Standstill Agreement Insolvency

As a general rule, a company is subject to two separate insolvency tests (each triggers insolvency): the parties may enter into forbearance agreements providing for a moratorium on payments to creditors. In view of the above, there is no established practice in Jersey with respect to standstill agreements between a creditor and a debtor, and there is no case law on this point. However, given the very important weight given to Jersey in maintaining contractual agreements between the parties (according to the usual maxim of the agreement is the law of the parties), there does not seem to be any reason why a standstill agreement should not be feasible in this context. As with standstill agreements, there is no “market-compliant” restructuring agreement. However, the terms of a restructuring may include an “interest holiday”, a reduction (or “debt reduction”), the conversion of debt into equity, or the introduction of a convertible loan that will reduce the company`s debt burden but reconcile the interests of creditors with shareholders in the long term. In the current difficult circumstances of the Covid 19 pandemic, where many companies are severely affected and their cash flows are disrupted, the pressure is increasing on companies that bypass the “insolvency zone”, i.e. cannot pay their debts due to a temporary lack of liquidity or short-term debt (possible debt).

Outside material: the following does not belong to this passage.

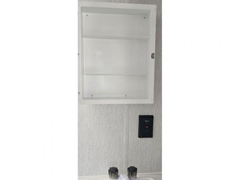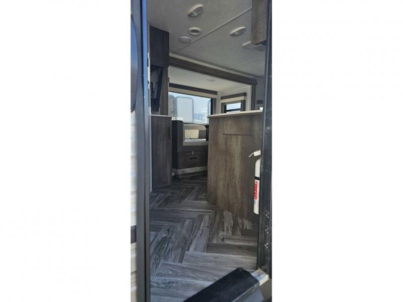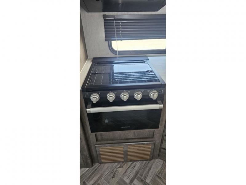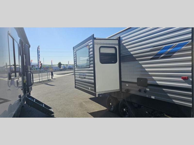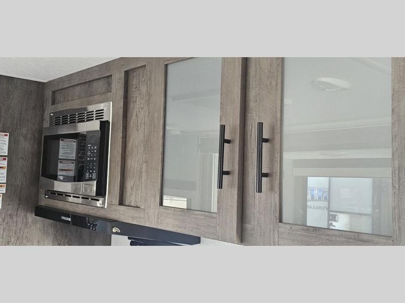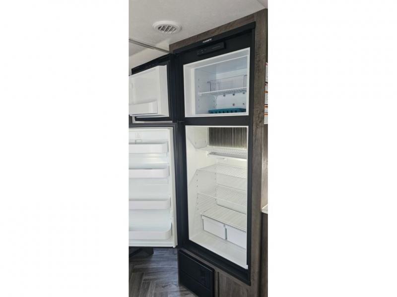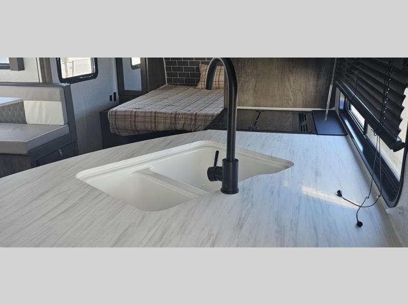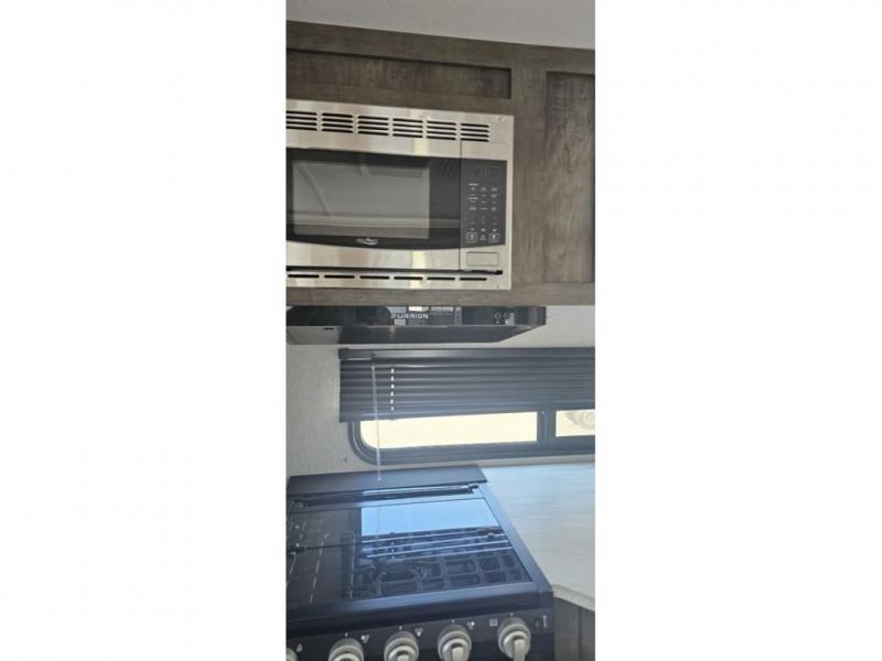 Pick your favorite campsite and load up this travel trailer for a fun weekend getaway! There is a wardrobe/pantry big enough to store your favorite snacks and a three burner cooktop for you to create delicious home cooked meals. The U-shaped dinette slide is not only great for enjoying your meals at or playing card games, but also for transforming into an extra sleeping space. The rear corner bathroom has everything you will need to end each night feeling squeaky clean including a radius glass shower. The front RV queen bed welcomes you to enjoy a good night's rest in privacy when you draw the privacy curtain and wardrobes to keep your clothes looking their best!

A company pressured by an aggressive bidder or activist investor believes that a standstill agreement is useful in weakening the unsolicited approach. The deal gives the target company greater control over the deal process, by imposing on the offeror or investor the ability to buy or sell the company`s shares or launch proxy competitions. The Isle of Man Insolvency Act is governed by the Companies Act 1931 and the Winding-up of the Rules 1934.

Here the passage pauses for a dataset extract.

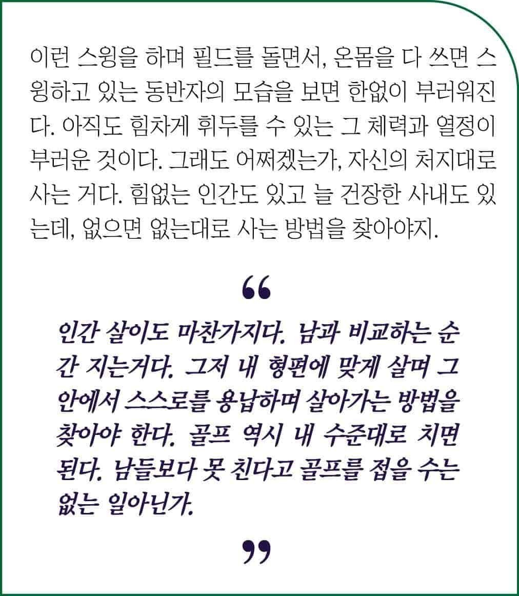 자족하며 살아가는 사람이 자신의 인생을 즐기는 것이려니 하며 오늘도 중력에 의존하는 스윙으로 한발씩 그린으로 무소의 뿔처럼 다가서 보자.

The insolvency law provisions contained in this regime favour the traditional principles of liquidation of a “failing” enterprise and not the more modern approach to saving that “failing” enterprise introduced by the Insolvency Act 1986. However, the Manx courts have shown that they are willing to resort outside the manx coast in circumstances where it appears to be the greatest benefit of all parties involved and to use the more modern means of rescue insolvency, now well established in England and other foreign jurisdictions. It could be argued that the main difference between insolvency regimes in the Isle of Man and England in modern times was the absence of an administrative process on the Isle of Man. There is no doubt that out-of-court restructuring can help reduce the pressure on the courts and be more efficient and effective than court proceedings due to shorter lead times and higher recovery rates. As such, they help companies build confidence in the fairness, transparency and accountability of insolvency and restructuring proceedings. After the economic consequences of the Covid 19 pandemic, these considerations are of great importance to both creditors and debtors.. . . .

Comments are closed.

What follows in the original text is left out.